The study investigates the isotype and neutralising capacity of ASCs isolated from 20 Covid19 patients. They found a significant increase in the number of IgA+, IgG+ and IgM+ ASCs in patients compared to healthy controls. Antibody neutralising titres correlated significantly with S1-specific IgA and IgG titres, while there was only a mild correlation with N-specific IgM+ titres. Patients also had significantly increased frequencies of activated CD8+ T cells and CD4+ T cells. 

Impact for SARS-CoV2/COVID19 research

Understand the immune response to SARS-CoV2/COVID19: the findings contribute towards our understanding of a humoral response mounted against SARS-CoV-2.

Study Type

· In vitro study

· Patient Case study

Strengths and limitations of the paper

Novelty: Very limited novelty. They demonstrate increase in the frequency of activated CD8+ T cells suggesting they might be relevant for the antiviral response to SARS-CoV-2.

Standing in the field: The findings are not controversial.

Appropriate statistics: Yes.

Viral model used: Live virus (SARS-CoV-2/human/SWE/01/2020)

Translatability: Limited translatability. 

Main limitations:

- They looked only at total rather than SARS-CoV-2-specific CD8+ T cells.

- Their data regarding the severity of the symptoms, duration of hospitalisation, and time from symptom onset to discharge indicate variable disease severity between patients. It would have been useful if it was also correlated with their antibody titre and cell data.

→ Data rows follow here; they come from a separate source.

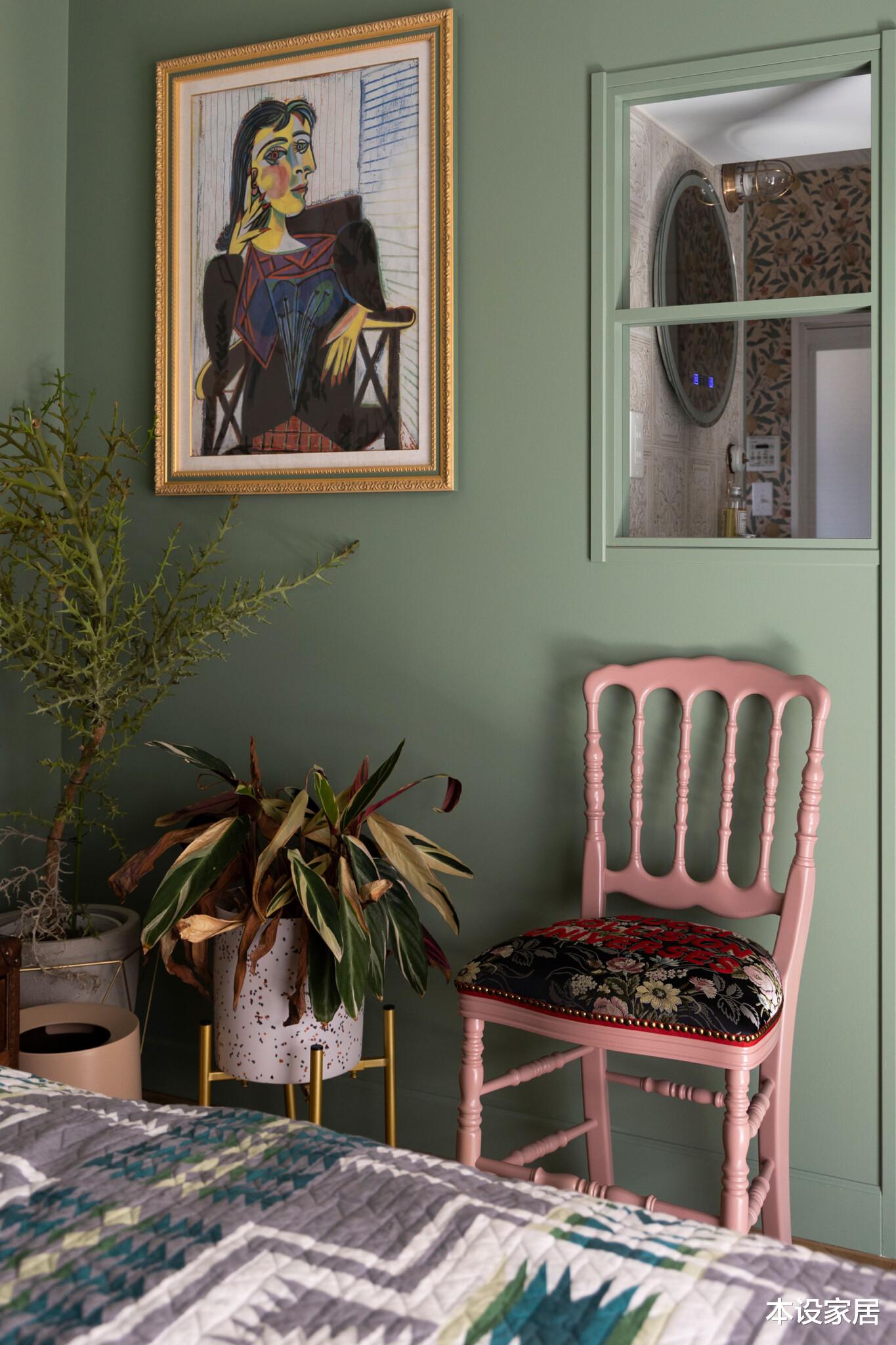 粉绿色的墙面漆清新雅致,粉红色的单人椅和床头背景墙的植物壁纸都是来自Gucci,作为撞色搭配,在绿植和装饰画的点缀下,让空间显得活泼而不跳脱。
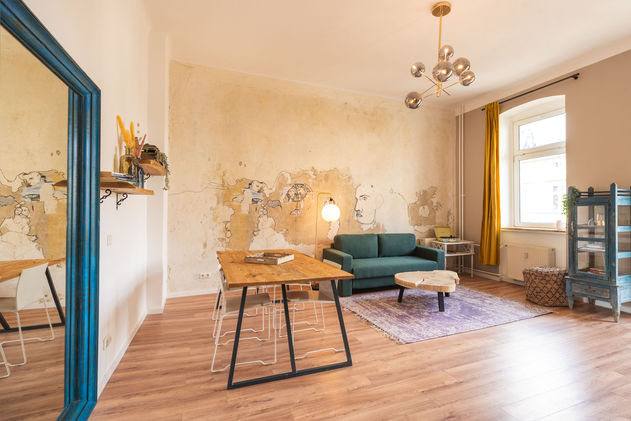 The apartment features a unique atmosphere and a stylish design, combining comfort and elegance to make your stay truly special.
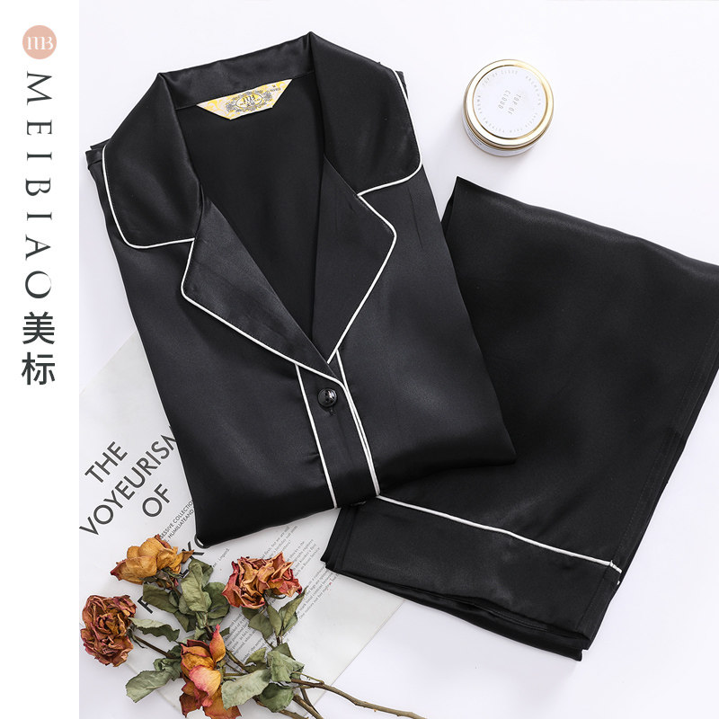 黑白撞色时尚情侣睡衣 采用100%桑蚕丝

- The control group was very small (7 people) and the median age – 31, compared to 53 years for the patients.

- The authors suggest that IgG is the dominant ASC isotype during response to SARS-CoV-2 infection based on total ASC data, however the relevance of this finding is not clear, as the N-specific response had similar frequencies of IgA, IgM and IgG (Figure 1.I).